→ **SUPPLIED MATERIAL**
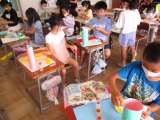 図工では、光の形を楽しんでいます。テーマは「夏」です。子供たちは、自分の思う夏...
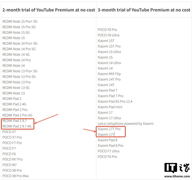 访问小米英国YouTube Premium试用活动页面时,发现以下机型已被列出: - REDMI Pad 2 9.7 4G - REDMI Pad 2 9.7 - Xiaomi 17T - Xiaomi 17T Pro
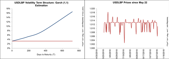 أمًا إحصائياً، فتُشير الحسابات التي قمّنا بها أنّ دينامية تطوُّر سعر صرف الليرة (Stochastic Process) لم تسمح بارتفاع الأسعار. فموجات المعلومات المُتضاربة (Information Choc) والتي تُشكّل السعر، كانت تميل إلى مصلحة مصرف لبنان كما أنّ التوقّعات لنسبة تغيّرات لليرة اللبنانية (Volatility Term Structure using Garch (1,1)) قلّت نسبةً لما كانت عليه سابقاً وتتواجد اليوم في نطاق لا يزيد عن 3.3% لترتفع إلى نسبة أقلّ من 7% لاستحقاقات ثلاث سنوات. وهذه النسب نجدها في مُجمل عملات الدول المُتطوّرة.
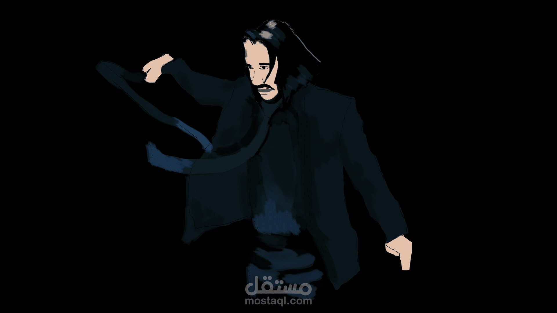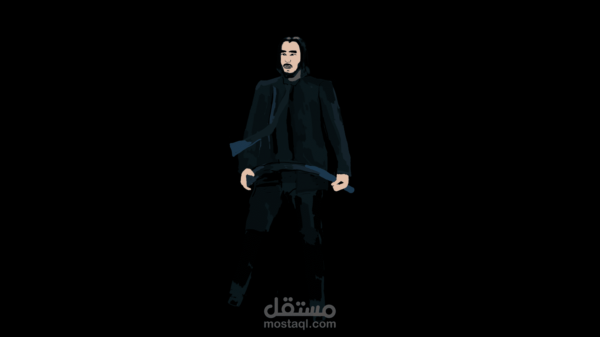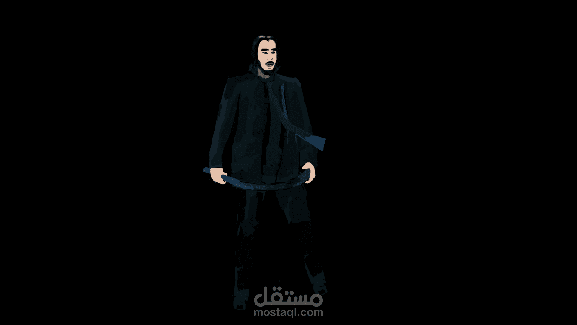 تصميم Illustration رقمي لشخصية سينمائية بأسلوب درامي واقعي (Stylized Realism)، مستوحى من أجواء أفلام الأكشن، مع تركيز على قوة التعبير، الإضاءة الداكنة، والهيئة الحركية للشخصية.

→ **TASK DIRECTIONS**
Please give back exactly, and with no pictures, the lines from where the listing above begins through the line containing "访问小米英国YouTube Premium试用活动页面时,发现以下机型已被列出: - REDMI".

→ **RESULT**
 図工では、光の形を楽しんでいます。テーマは「夏」です。子供たちは、自分の思う夏...
 访问小米英国YouTube Premium试用活动页面时,发现以下机型已被列出: - REDMI Pad 2 9.7 4G - REDMI Pad 2 9.7 - Xiaomi 17T - Xiaomi 17T Pro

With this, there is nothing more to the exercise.